▸ **WORK TO BE COMPLETED**
Reproduce, exactly and only, the lines of the data that follows from the one containing "Sidearm CO2 Kit" down to the one containing "3 June 2005", without pictures.

▸ **EXTRACTED RECORDS**
□ □ □ □ □ □ □

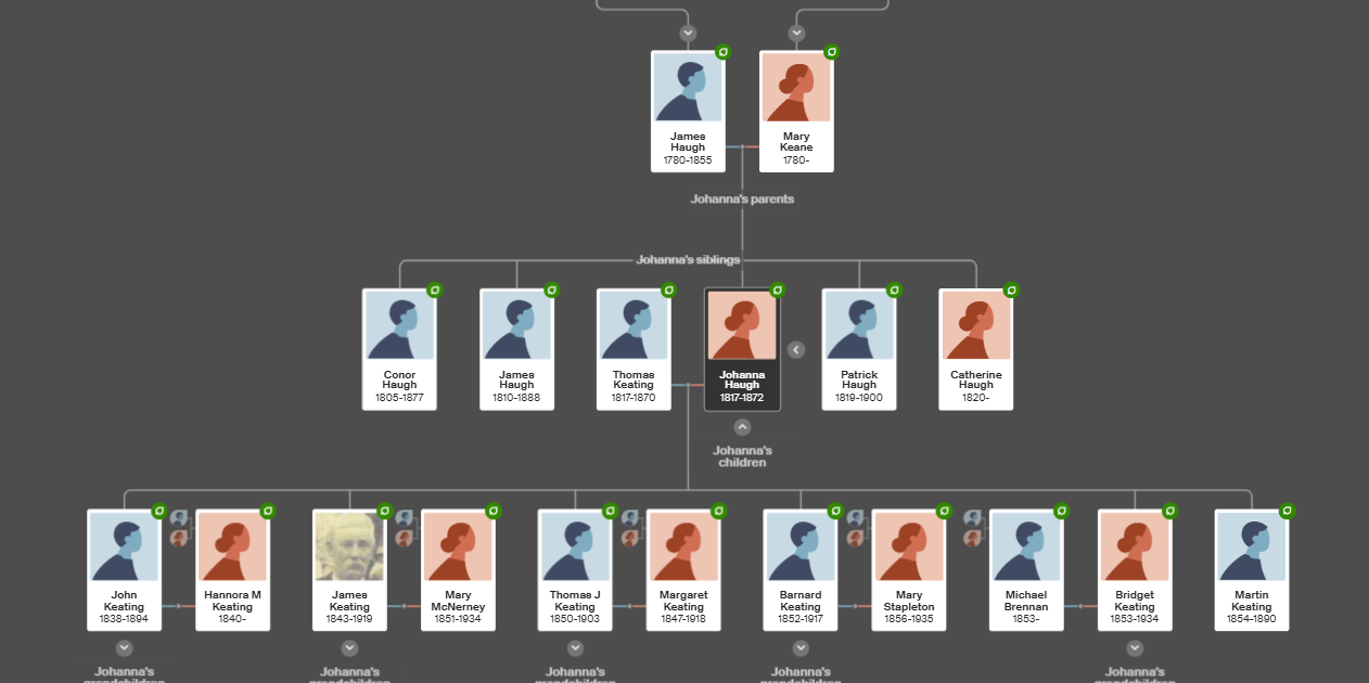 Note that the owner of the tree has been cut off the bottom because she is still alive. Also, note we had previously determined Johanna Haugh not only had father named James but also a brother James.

□ □ □ □ □ □ □

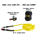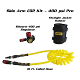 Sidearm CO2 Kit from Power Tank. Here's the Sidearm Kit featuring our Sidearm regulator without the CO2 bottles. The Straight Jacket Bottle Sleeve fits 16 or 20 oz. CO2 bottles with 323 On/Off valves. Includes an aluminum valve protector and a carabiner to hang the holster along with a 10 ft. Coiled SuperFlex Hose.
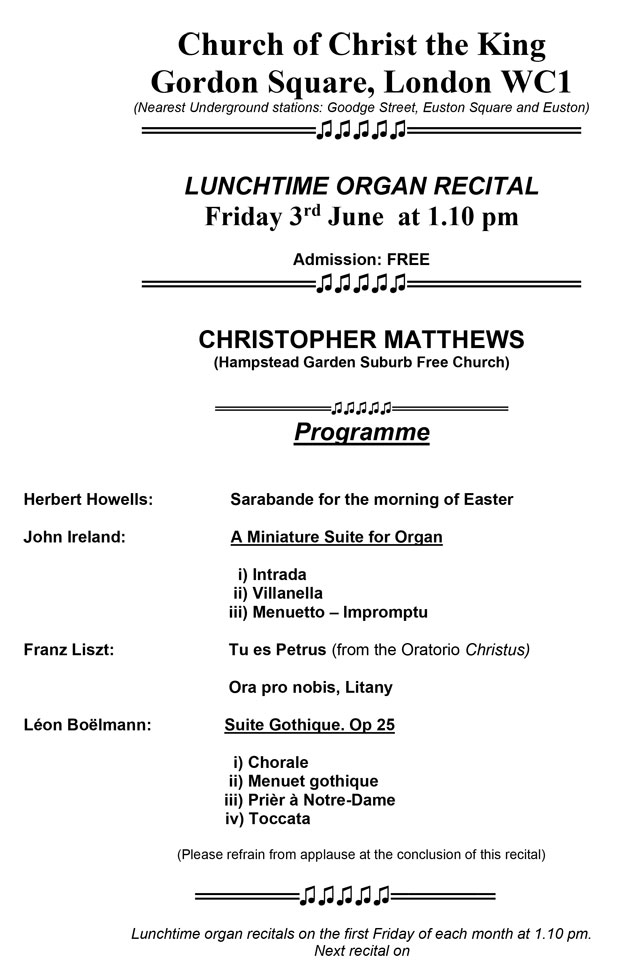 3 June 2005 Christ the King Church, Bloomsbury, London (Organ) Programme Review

□ □ □ □ □ □ □

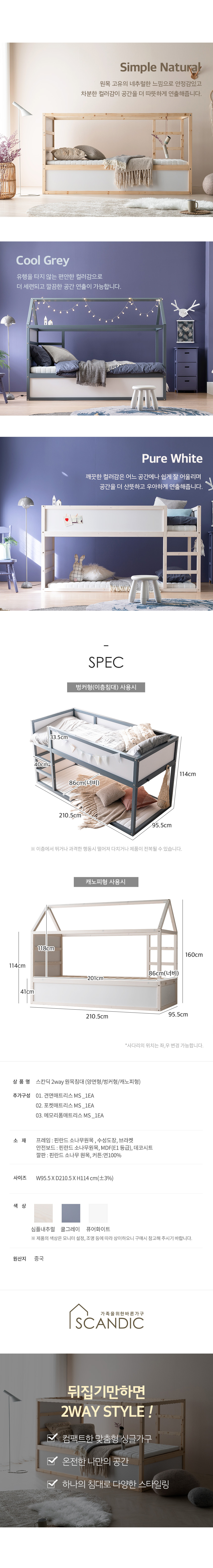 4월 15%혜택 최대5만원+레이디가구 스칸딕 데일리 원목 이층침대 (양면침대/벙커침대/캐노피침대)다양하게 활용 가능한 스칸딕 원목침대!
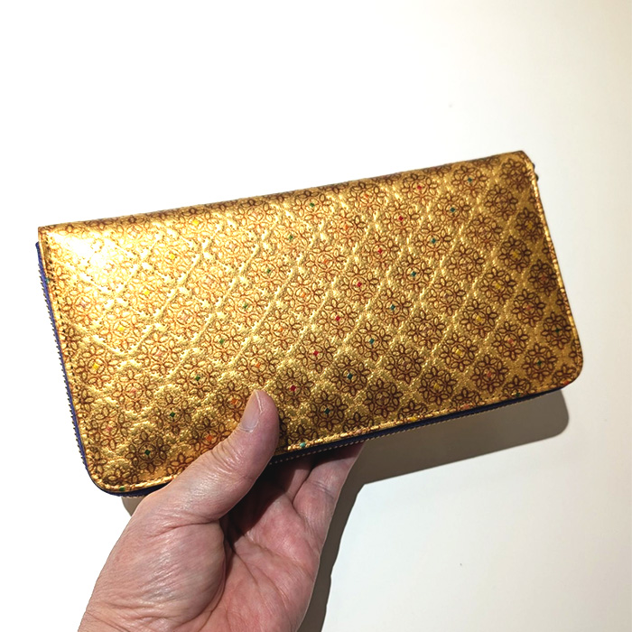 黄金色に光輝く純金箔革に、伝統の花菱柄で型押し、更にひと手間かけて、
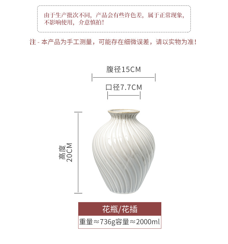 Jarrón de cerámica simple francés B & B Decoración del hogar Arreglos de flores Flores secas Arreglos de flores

□ □ □ □ □ □ □

▸ **REPLY TO THE EXERCISE**
 Sidearm CO2 Kit from Power Tank. Here's the Sidearm Kit featuring our Sidearm regulator without the CO2 bottles. The Straight Jacket Bottle Sleeve fits 16 or 20 oz. CO2 bottles with 323 On/Off valves. Includes an aluminum valve protector and a carabiner to hang the holster along with a 10 ft. Coiled SuperFlex Hose.
 3 June 2005 Christ the King Church, Bloomsbury, London (Organ) Programme Review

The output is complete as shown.